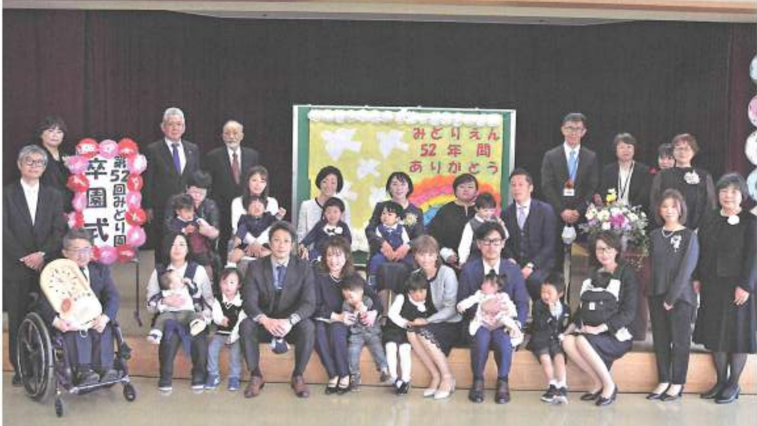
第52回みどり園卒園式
--
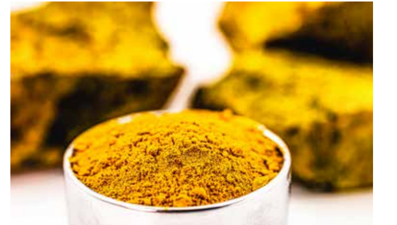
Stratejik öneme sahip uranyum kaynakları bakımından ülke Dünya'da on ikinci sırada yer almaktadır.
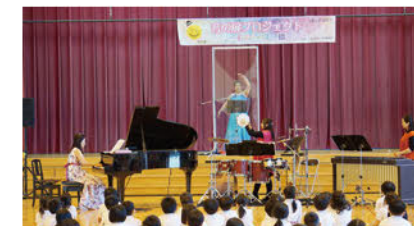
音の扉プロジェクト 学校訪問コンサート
--
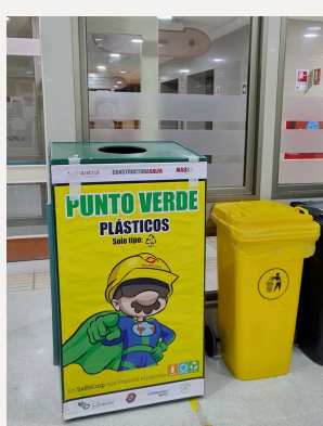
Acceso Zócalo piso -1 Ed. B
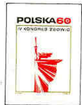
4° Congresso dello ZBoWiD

◆ **Work task**: All that is wanted is the lines above between the one containing "Acceso Zócalo piso -1 Ed. B" and the one containing "4° Congresso dello ZBoWiD", inclusive, restated word for word, with pictures omitted.

◆ **Exercise answer**:
Acceso Zócalo piso -1 Ed. B
4° Congresso dello ZBoWiD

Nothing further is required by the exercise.